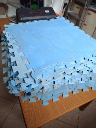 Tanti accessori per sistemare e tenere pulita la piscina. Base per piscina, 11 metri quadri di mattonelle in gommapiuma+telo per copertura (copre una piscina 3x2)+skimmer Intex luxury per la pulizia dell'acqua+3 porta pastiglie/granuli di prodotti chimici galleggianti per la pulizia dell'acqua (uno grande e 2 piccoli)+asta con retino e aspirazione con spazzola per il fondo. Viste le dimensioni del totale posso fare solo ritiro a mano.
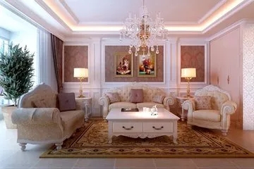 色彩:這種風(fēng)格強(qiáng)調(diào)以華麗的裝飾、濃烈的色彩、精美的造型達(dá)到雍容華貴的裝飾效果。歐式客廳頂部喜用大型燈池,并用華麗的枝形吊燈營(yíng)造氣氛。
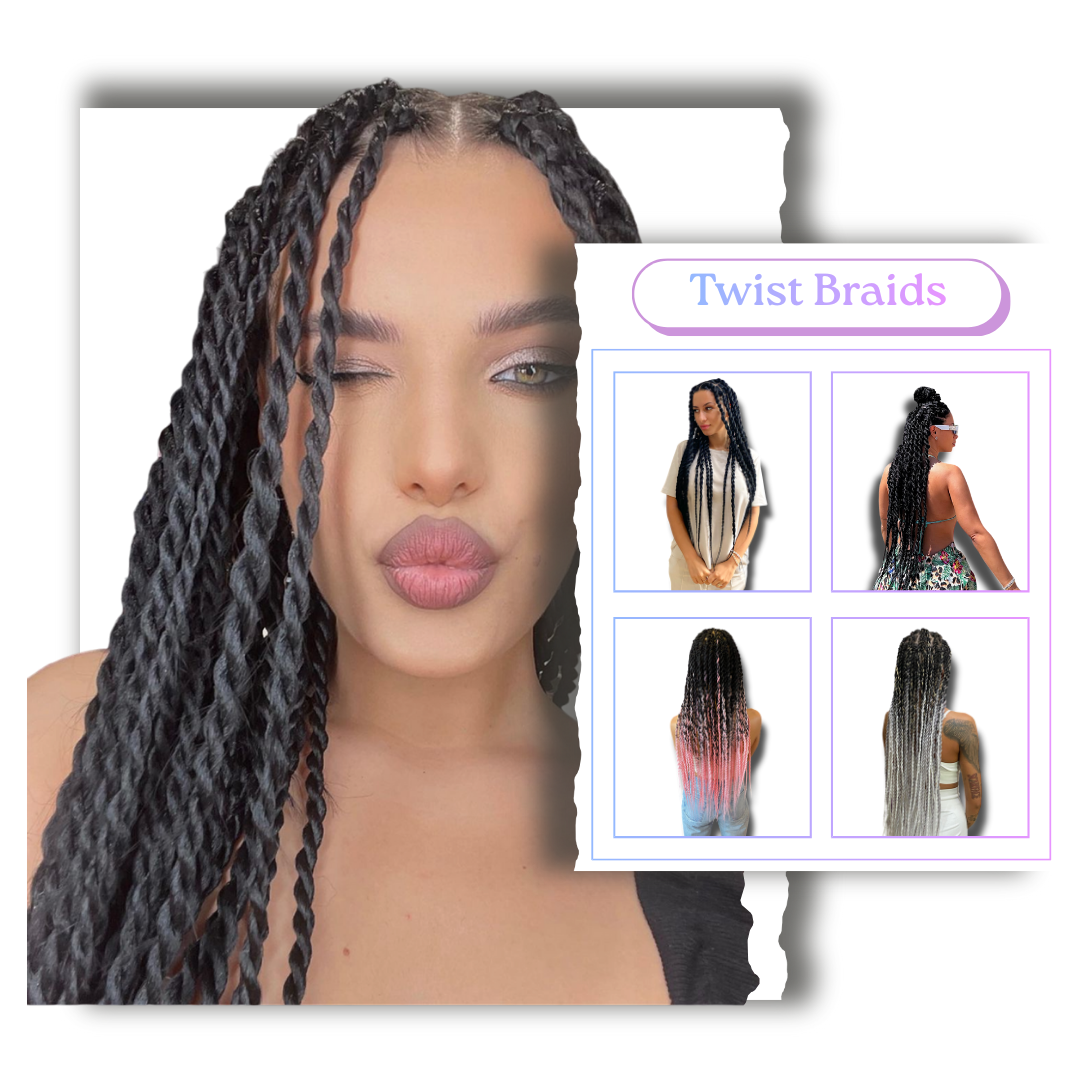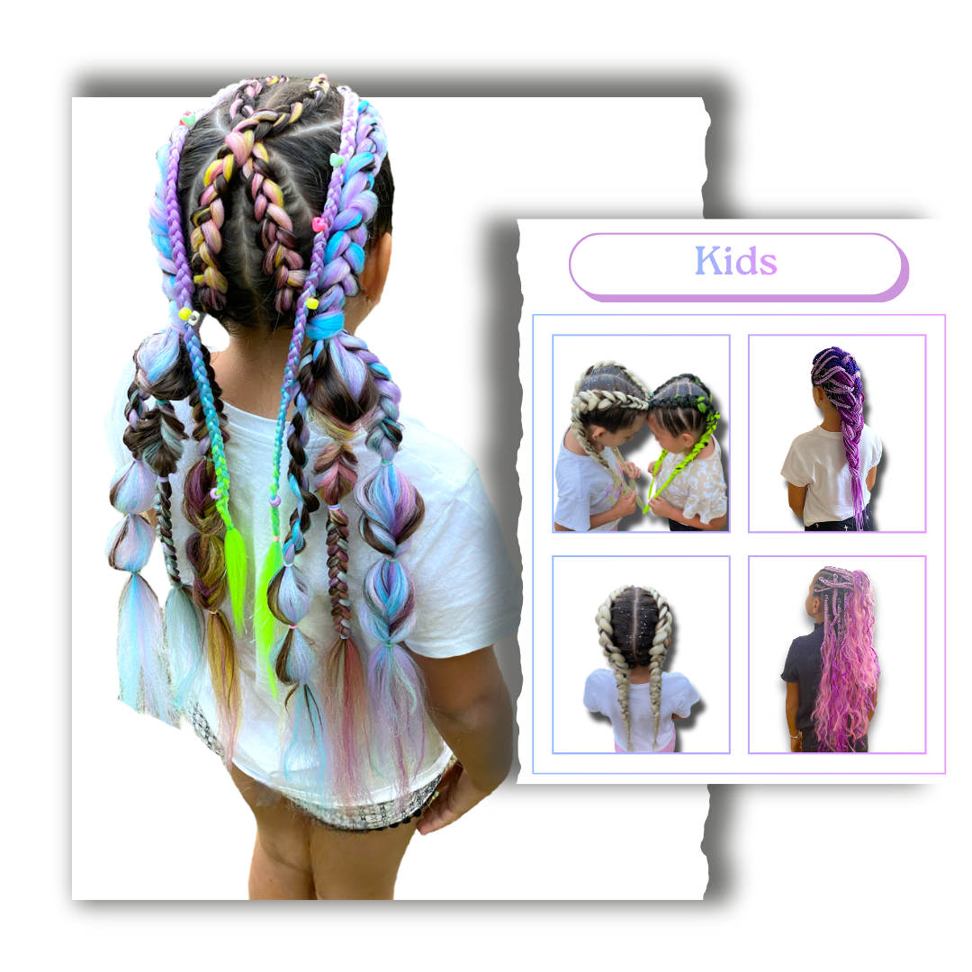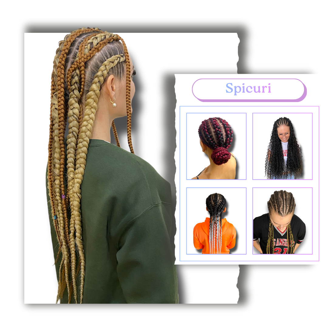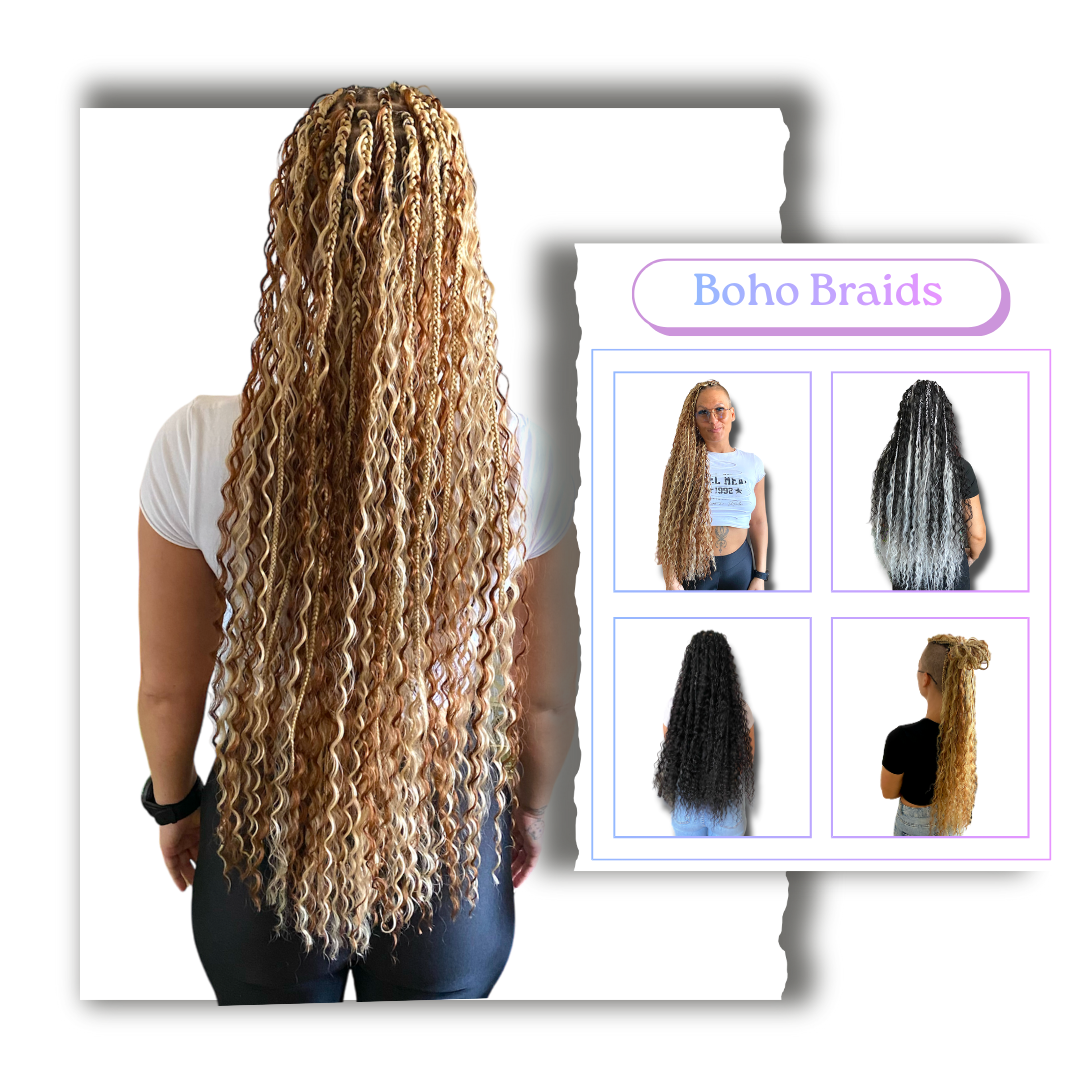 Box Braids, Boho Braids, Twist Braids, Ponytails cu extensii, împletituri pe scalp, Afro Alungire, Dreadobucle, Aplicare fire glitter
...
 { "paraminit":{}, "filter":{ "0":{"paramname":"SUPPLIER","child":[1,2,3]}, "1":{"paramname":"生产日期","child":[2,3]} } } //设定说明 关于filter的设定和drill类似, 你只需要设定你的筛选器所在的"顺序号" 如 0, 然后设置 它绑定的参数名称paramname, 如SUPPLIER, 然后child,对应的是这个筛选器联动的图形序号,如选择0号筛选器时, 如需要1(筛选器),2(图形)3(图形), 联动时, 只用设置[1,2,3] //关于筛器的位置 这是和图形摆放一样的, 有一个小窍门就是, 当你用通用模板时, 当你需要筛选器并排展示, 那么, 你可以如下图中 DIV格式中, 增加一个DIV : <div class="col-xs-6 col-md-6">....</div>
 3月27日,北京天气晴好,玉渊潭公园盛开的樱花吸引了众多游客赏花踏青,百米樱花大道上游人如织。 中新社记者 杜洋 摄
...
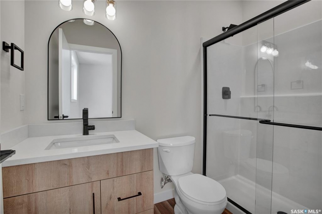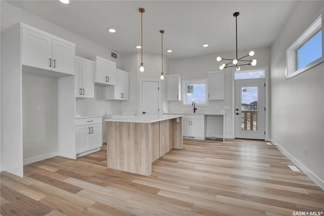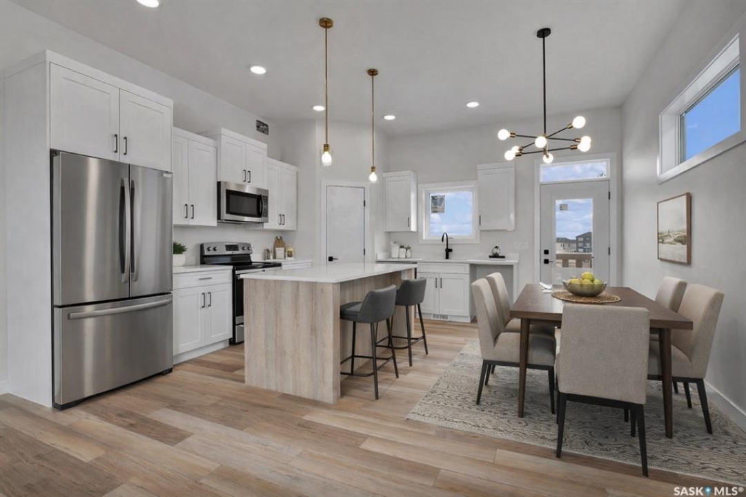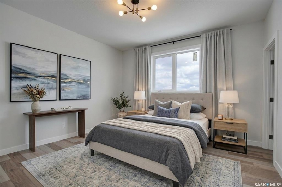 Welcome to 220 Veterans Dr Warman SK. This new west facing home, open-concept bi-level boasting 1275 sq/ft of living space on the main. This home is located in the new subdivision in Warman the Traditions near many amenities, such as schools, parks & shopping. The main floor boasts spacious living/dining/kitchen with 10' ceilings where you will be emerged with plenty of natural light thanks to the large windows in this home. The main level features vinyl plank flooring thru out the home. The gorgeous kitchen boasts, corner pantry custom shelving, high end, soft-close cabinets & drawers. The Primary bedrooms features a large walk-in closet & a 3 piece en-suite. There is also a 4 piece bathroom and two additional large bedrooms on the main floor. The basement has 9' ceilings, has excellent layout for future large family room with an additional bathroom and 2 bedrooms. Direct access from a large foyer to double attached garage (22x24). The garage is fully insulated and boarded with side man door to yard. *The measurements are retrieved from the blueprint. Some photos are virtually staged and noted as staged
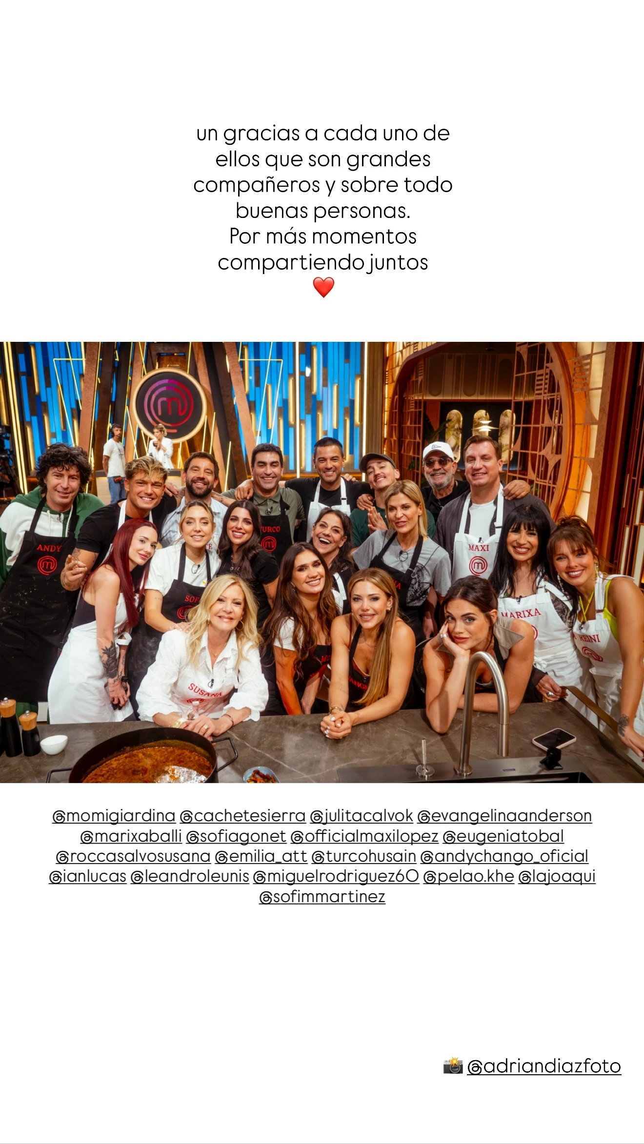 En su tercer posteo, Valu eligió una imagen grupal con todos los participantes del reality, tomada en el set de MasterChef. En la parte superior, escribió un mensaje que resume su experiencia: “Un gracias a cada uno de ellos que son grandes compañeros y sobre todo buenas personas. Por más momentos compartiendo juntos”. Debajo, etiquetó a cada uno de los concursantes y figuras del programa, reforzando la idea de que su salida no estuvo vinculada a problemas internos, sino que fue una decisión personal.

◆ **Assignment**: Exact copy, pictures excluded: every line above from the one containing "Tanti accessori per" to the one containing "Box Braids, Boho", inclusive, and nothing more.

◆ **Solution to the problem**:
 Tanti accessori per sistemare e tenere pulita la piscina. Base per piscina, 11 metri quadri di mattonelle in gommapiuma+telo per copertura (copre una piscina 3x2)+skimmer Intex luxury per la pulizia dell'acqua+3 porta pastiglie/granuli di prodotti chimici galleggianti per la pulizia dell'acqua (uno grande e 2 piccoli)+asta con retino e aspirazione con spazzola per il fondo. Viste le dimensioni del totale posso fare solo ritiro a mano.
 色彩:這種風(fēng)格強(qiáng)調(diào)以華麗的裝飾、濃烈的色彩、精美的造型達(dá)到雍容華貴的裝飾效果。歐式客廳頂部喜用大型燈池,并用華麗的枝形吊燈營(yíng)造氣氛。
 Box Braids, Boho Braids, Twist Braids, Ponytails cu extensii, împletituri pe scalp, Afro Alungire, Dreadobucle, Aplicare fire glitter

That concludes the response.